Dwa lata pod postacią Batmana (Robert Pattinson) i strach w sercach kryminalistów sprawiły, że Bruce Wayne ujrzał najmroczniejsze oblicze Gotham City. Mając u boku jedynie garstkę zaufanych sojuszników — w tym Alfreda Pennywortha (Andy Serkis) i porucznika Jamesa Gordona (Jeffrey Wright) — i występując przeciwko sitwie skorumpowanych urzędników oraz osobistości, samotny mściciel stał się w mniemaniu obywateli miasta jedynym obrońcą sprawiedliwości. Nieznany zabójca w sadystyczny i wyrachowany sposób nęka elitę Gotham. Największy Detektyw Świata, kierując się zaszyfrowanymi wiadomościami, trafia do półświatka. Tam w trakcie swojego śledztwa spotyka takie postacie jak Selina Kyle, zwana Kobietą-Kot (Zoë Kravitz), Oswald Cobblepot, czyli Pingwin (Colin Farrell), Carmine Falcone (John Turturro) i Edward Nashton, tudzież Człowiek-Zagadka (Paul Dano). Wreszcie dowody zaczynają się konkretyzować, a zamiary sprawcy stają się jasne. Batman zostaje zmuszony do szukania nowych sprzymierzeńców, żeby zdemaskować winowajcę i położyć kres nadużywaniu władzy i korupcji, od dawna nękających Gotham City. opis dystrybutora
Pozostałe
Film ciągnie się jak flaki z olejem, jeśli ktoś ma zbędne trzy godziny, albo więcej, to może go obejrzeć. Te "więcej" to napisałem bo może być potrzeba obejrzenia tego filmu na kilka razy bo jest tak strasznie rozwleczony i nudny że można na nim zasnąć. Do tego cała intryga jest przeciętna, klimat momentami jest mroczny, ciężki, ale i tak można o tym zapomnieć przez coraz nudniejsze sceny.

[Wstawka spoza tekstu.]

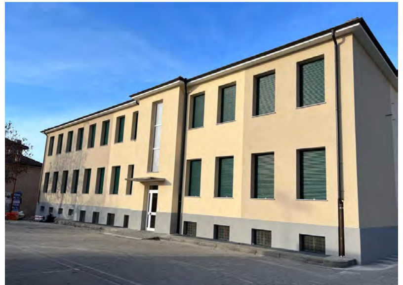
La foto dei lavori conclusi

Dopo aver seguito passo dopo passo i lunghi lavori realizzati, ecco il nostro edificio scolastico completamente rinnovato e con i colori scelti per la nuova tinteggiatura esterna. Ricordiamo l'importanza di questo edificio costruito quasi 75 anni fa e che oggi, oltre all'attività scolastica, ospita una sala polivalente utilizzata per molte e diverse occasioni, la sede della Taverna Alpina e i bagni pubblici. Gli spazi e la cucina delle scuole risultano inoltre sempre un importante appoggio nel corso dell'organizzazione di eventi.

Sam Batman jest ok, ale postać Bruce Wayne’a jest słaba, zresztą widzimy go przez bardzo niewielki czas. Tak samo Catwoman, ma atrakcyjny wygląd ale nie radzi sobie w walkach, są momenty kiedy widać że się rusza jako mucha w smole, albo czasem kilkoma niewielkimi kopnięciami nokautuje dwa razy większych przeciwników. Tak samo Batman, kiedy ktoś do niego strzela to czasami jest tak jakby te kule w ogóle na niego nie działały, normalnie Superman, albo przeciwnicy czekają żeby do niego strzelić, albo uprzejmie nie strzelają w twarz. Postacie przeciwników są tak niewyraźne że w ogóle nie zapadają w pamięć, gdzie w poprzednich filmach był to jeden z najmocniejszych punktów. Interakcje Batmana z policją dziwnie wyglądają, szczególnie kiedy plącze się wśród funkcjonariuszy po miejscach zbrodni, wygląda to absurdalnie kiedy koleś w lateksowym kostiumie je przeszukuje. Ogólnie ocena 6/10, oby ten reżyser już nie był więcej dopuszczony do robienia następnych filmów tego typu.